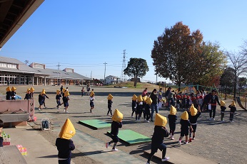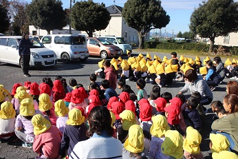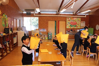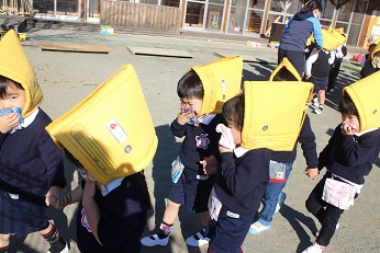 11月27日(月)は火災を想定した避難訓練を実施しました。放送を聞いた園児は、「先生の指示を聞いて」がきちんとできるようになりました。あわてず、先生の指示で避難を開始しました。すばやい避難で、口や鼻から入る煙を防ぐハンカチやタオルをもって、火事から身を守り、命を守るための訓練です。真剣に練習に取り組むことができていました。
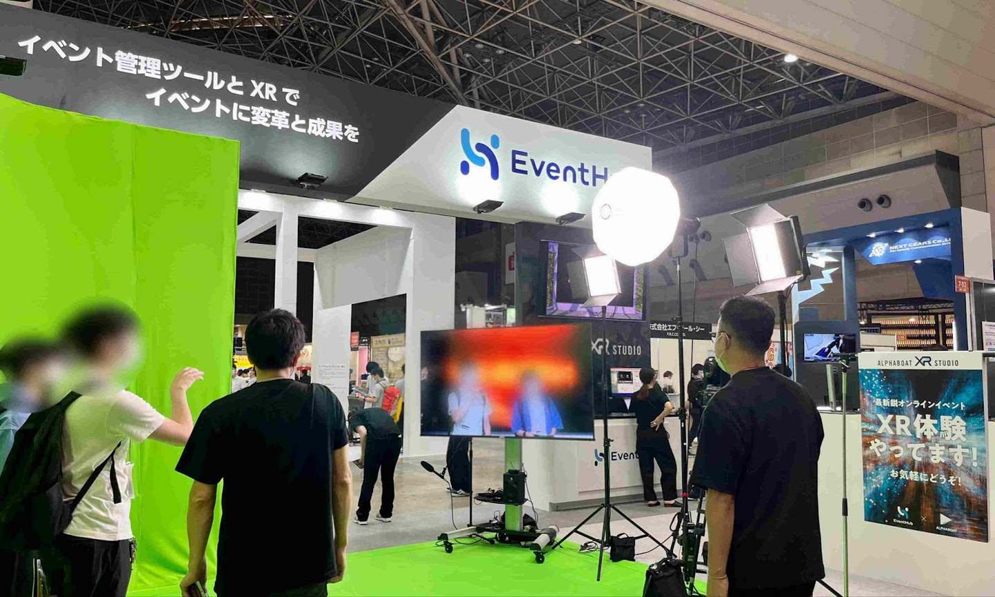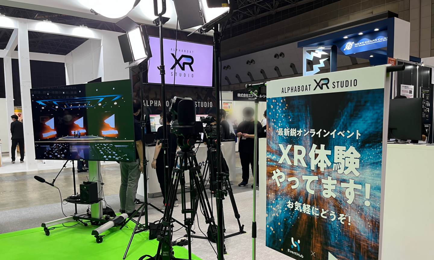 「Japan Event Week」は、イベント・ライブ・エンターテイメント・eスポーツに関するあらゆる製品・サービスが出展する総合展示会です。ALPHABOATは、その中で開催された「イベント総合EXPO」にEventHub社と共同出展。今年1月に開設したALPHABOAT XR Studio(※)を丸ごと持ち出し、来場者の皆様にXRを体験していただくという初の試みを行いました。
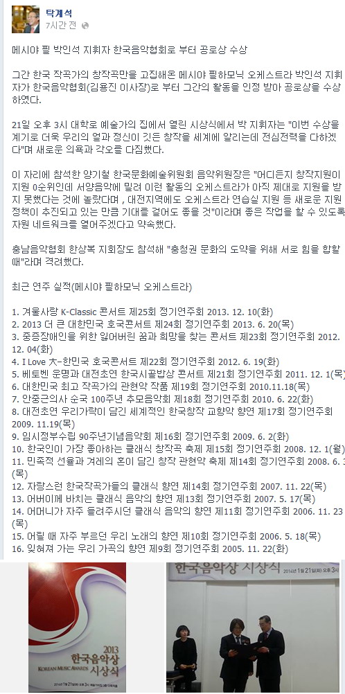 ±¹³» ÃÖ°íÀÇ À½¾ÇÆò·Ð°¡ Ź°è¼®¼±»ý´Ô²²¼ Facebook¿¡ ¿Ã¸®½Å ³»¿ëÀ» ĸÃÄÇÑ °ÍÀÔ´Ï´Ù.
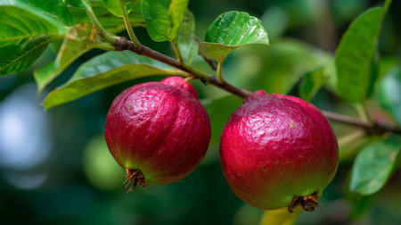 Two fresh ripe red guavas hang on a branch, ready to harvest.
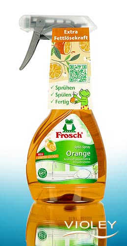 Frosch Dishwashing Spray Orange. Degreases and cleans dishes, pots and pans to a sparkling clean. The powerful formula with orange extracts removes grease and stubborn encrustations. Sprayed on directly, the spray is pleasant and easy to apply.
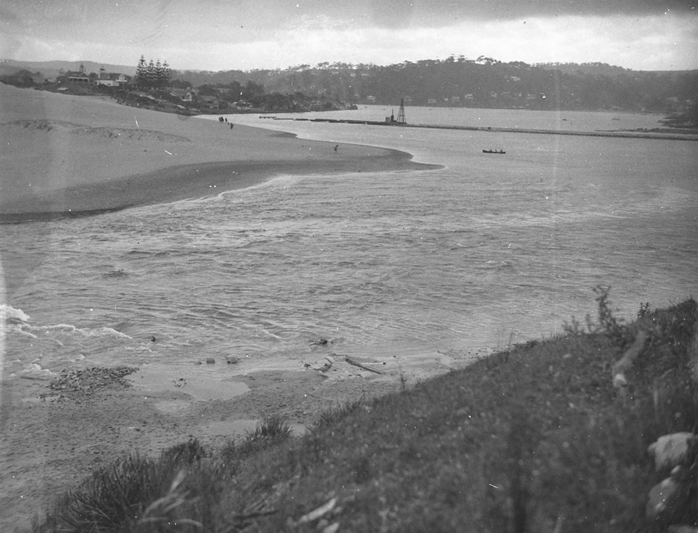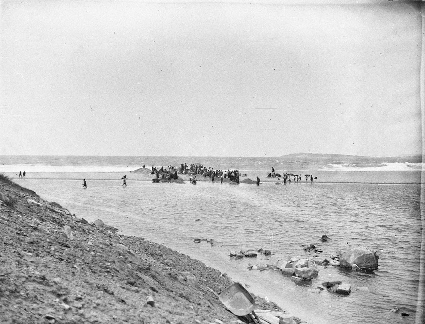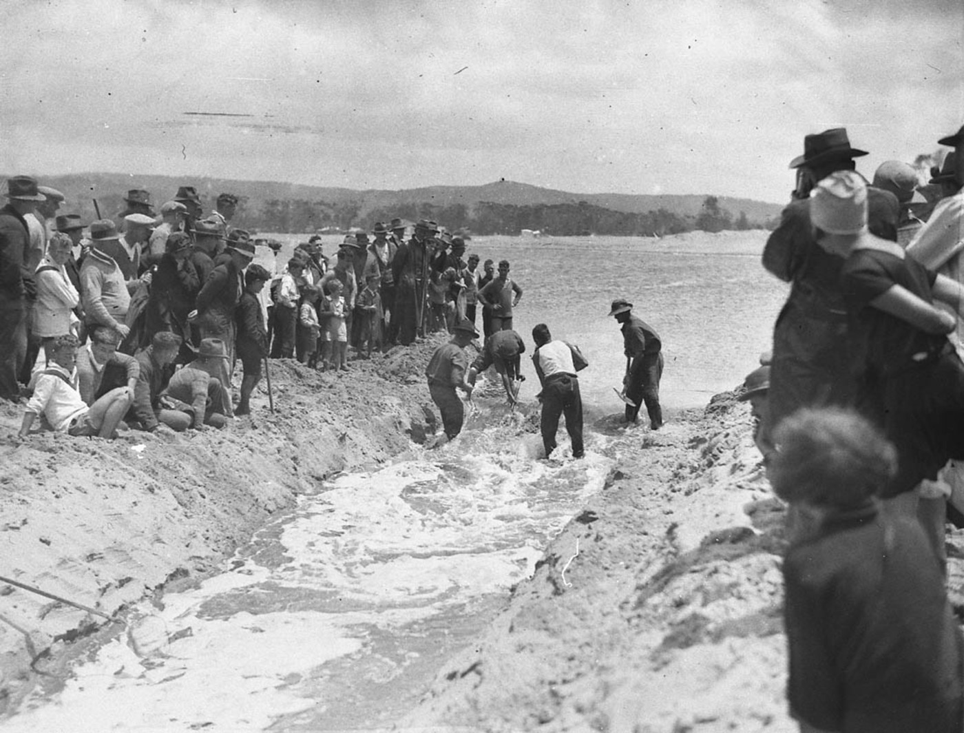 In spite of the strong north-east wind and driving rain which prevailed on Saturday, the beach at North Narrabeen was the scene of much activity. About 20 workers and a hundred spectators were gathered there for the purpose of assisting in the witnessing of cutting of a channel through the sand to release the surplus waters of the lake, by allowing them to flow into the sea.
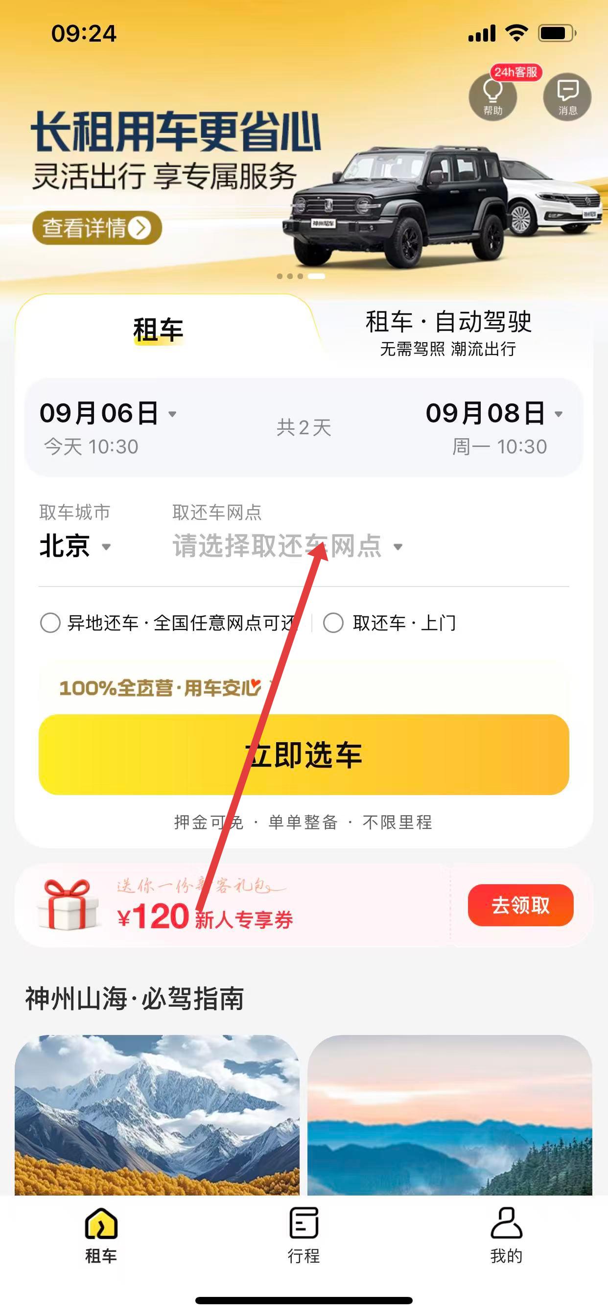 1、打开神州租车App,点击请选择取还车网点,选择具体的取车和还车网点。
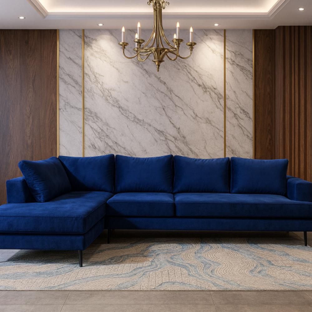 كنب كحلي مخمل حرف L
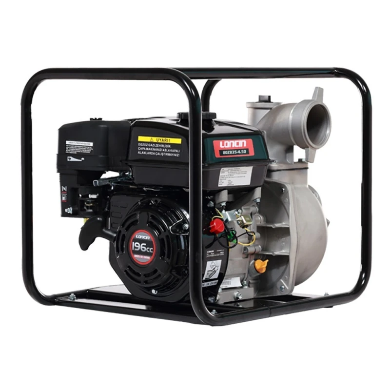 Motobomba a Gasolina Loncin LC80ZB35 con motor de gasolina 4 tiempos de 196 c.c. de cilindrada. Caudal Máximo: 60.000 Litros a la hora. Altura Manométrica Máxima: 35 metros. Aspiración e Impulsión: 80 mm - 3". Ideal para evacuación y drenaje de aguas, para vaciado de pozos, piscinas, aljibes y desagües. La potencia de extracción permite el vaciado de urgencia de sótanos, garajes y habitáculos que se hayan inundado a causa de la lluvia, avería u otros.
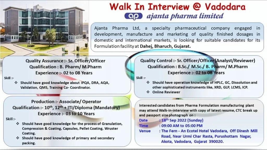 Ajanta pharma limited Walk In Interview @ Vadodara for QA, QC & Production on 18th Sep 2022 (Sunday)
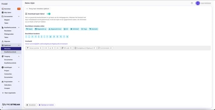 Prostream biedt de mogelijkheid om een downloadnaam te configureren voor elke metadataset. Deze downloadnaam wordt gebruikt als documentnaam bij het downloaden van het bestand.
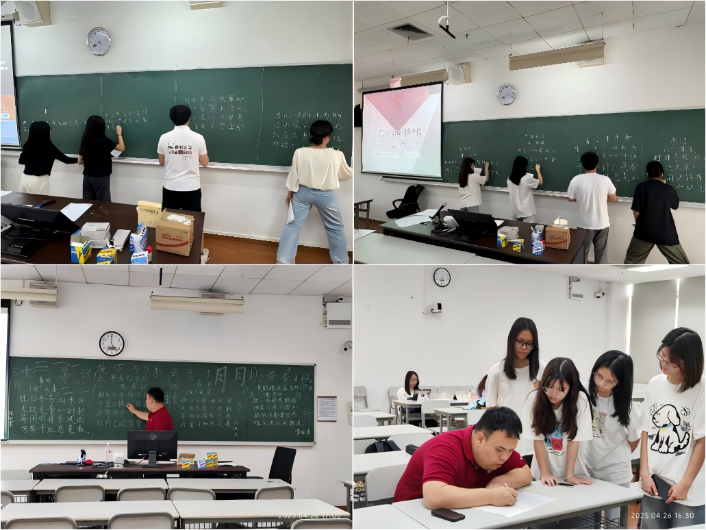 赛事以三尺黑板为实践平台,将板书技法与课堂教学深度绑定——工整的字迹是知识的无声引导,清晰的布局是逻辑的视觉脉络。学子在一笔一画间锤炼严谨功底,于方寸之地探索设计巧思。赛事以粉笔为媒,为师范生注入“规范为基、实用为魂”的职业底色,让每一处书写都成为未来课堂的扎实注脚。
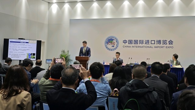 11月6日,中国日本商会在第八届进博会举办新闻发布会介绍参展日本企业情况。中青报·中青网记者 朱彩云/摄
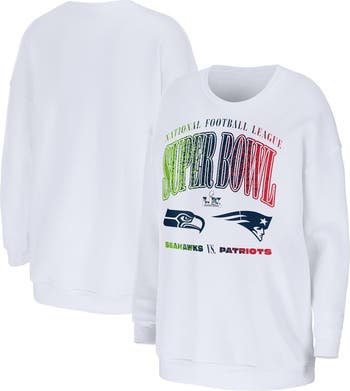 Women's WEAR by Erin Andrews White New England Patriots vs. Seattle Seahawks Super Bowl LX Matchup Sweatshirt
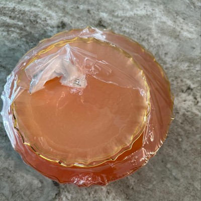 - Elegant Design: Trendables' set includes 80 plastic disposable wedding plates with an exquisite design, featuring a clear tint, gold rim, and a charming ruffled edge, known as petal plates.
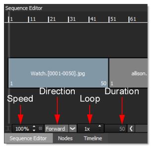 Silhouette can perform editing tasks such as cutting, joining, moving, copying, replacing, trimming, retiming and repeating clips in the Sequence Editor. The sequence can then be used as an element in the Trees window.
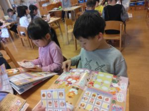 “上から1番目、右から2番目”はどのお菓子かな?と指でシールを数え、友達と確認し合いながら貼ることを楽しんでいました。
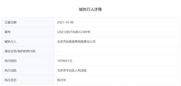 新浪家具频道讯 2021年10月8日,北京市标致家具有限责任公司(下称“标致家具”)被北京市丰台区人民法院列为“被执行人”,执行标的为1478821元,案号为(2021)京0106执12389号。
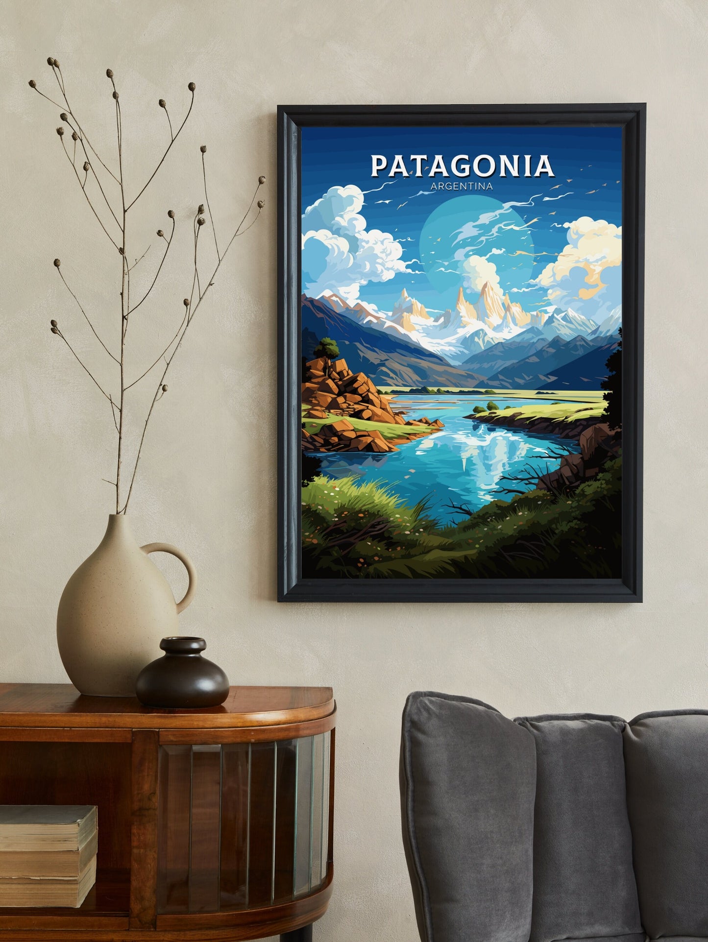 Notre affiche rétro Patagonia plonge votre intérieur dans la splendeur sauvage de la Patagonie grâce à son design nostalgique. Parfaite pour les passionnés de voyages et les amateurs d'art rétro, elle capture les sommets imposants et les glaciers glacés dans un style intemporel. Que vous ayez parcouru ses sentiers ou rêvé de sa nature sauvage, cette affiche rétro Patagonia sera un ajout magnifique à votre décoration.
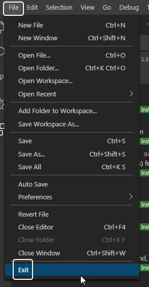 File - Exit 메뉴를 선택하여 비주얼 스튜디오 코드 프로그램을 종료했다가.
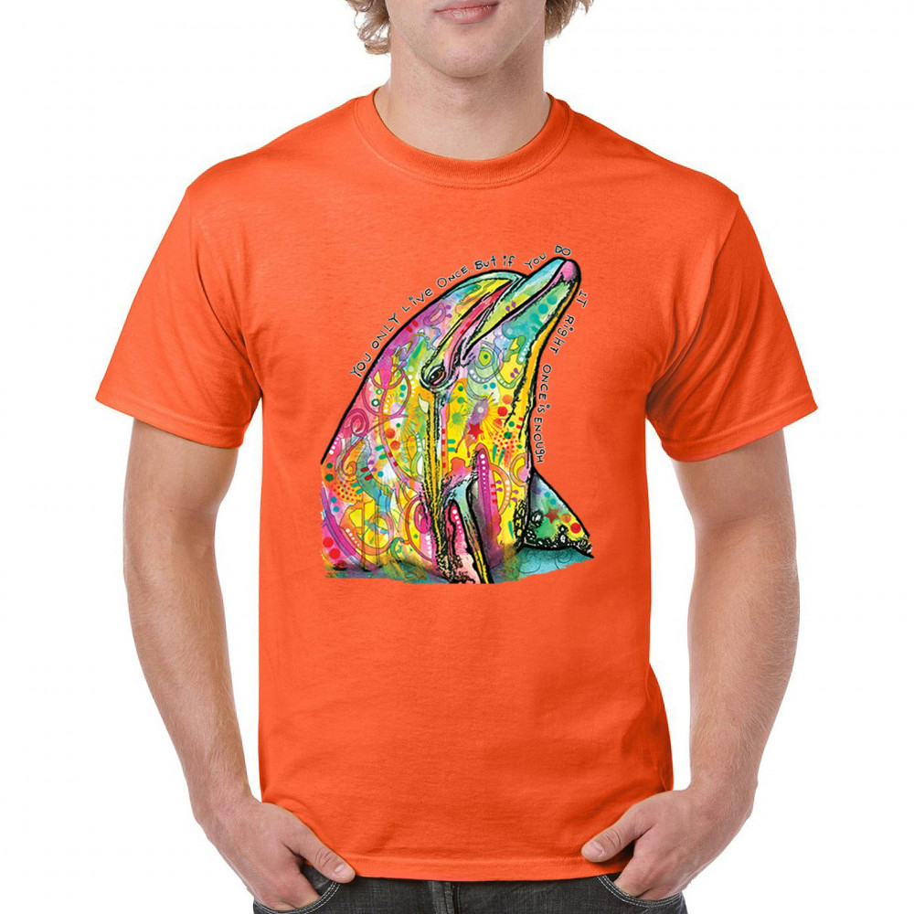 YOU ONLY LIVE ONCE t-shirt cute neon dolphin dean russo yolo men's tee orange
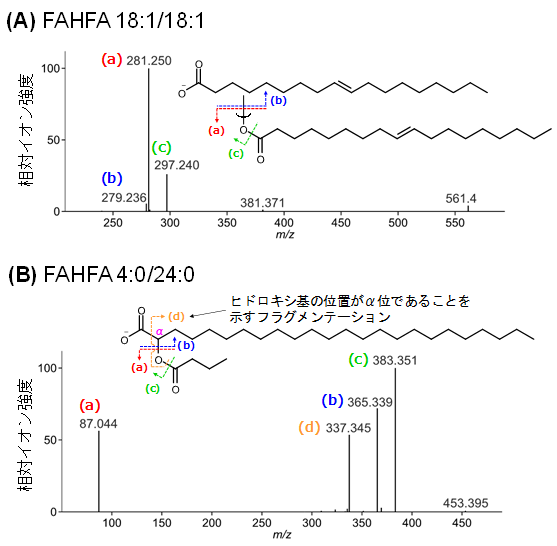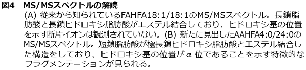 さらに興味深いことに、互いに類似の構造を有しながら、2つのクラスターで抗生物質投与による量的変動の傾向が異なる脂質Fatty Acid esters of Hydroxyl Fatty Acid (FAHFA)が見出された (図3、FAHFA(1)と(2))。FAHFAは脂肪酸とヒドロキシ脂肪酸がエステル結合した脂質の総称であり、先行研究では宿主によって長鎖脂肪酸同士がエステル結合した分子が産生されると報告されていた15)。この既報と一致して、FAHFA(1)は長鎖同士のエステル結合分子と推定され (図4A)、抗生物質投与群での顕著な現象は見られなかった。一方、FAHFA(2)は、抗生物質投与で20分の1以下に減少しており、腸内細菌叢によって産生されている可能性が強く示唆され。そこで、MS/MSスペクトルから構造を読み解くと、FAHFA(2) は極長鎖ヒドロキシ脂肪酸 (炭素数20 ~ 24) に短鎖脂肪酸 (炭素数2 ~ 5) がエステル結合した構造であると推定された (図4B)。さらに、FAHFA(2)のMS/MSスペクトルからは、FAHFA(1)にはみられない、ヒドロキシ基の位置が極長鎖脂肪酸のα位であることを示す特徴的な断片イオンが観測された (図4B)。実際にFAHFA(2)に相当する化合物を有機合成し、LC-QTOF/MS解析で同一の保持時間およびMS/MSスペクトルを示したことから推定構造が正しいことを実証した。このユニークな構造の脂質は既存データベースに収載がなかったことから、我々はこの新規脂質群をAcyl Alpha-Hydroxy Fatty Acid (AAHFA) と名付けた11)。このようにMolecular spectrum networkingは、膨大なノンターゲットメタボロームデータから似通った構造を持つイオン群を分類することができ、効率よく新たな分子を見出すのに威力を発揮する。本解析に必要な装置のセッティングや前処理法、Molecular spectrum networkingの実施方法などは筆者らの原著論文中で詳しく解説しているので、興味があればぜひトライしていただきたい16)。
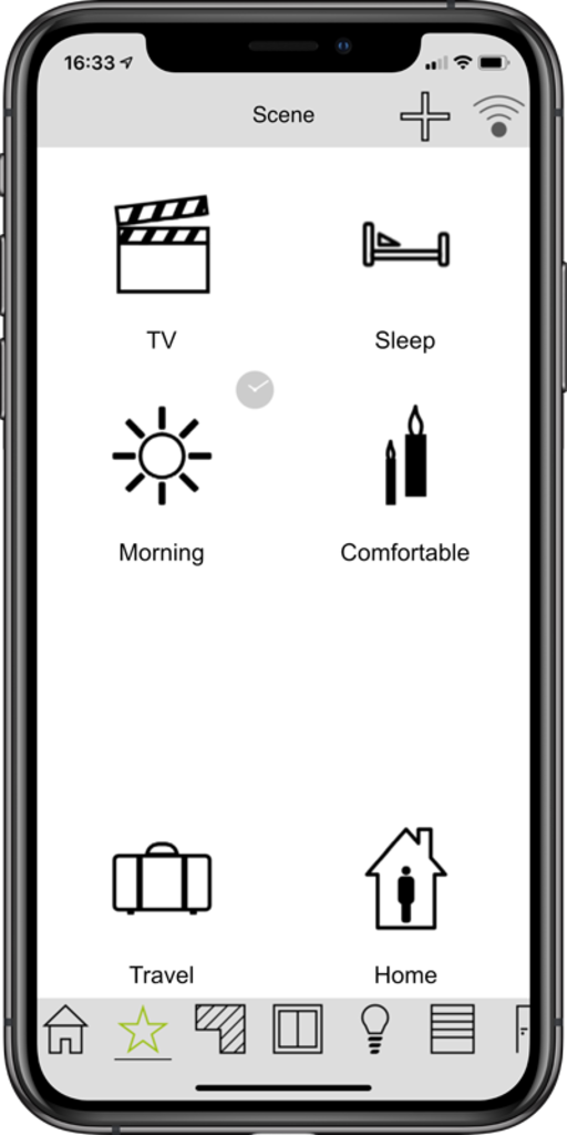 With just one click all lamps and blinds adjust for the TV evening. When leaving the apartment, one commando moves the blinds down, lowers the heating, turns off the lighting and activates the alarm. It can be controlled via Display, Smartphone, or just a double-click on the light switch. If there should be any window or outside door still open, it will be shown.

Work required:
Write out exactly the opening lines of the data, stopping after the line that holds "Frosch Dishwashing Spray". Exclude pictures.

Answer area:
 11月27日(月)は火災を想定した避難訓練を実施しました。放送を聞いた園児は、「先生の指示を聞いて」がきちんとできるようになりました。あわてず、先生の指示で避難を開始しました。すばやい避難で、口や鼻から入る煙を防ぐハンカチやタオルをもって、火事から身を守り、命を守るための訓練です。真剣に練習に取り組むことができていました。
 「Japan Event Week」は、イベント・ライブ・エンターテイメント・eスポーツに関するあらゆる製品・サービスが出展する総合展示会です。ALPHABOATは、その中で開催された「イベント総合EXPO」にEventHub社と共同出展。今年1月に開設したALPHABOAT XR Studio(※)を丸ごと持ち出し、来場者の皆様にXRを体験していただくという初の試みを行いました。
 ±¹³» ÃÖ°íÀÇ À½¾ÇÆò·Ð°¡ Ź°è¼®¼±»ý´Ô²²¼ Facebook¿¡ ¿Ã¸®½Å ³»¿ëÀ» ĸÃÄÇÑ °ÍÀÔ´Ï´Ù.
 Two fresh ripe red guavas hang on a branch, ready to harvest.
 Frosch Dishwashing Spray Orange. Degreases and cleans dishes, pots and pans to a sparkling clean. The powerful formula with orange extracts removes grease and stubborn encrustations. Sprayed on directly, the spray is pleasant and easy to apply.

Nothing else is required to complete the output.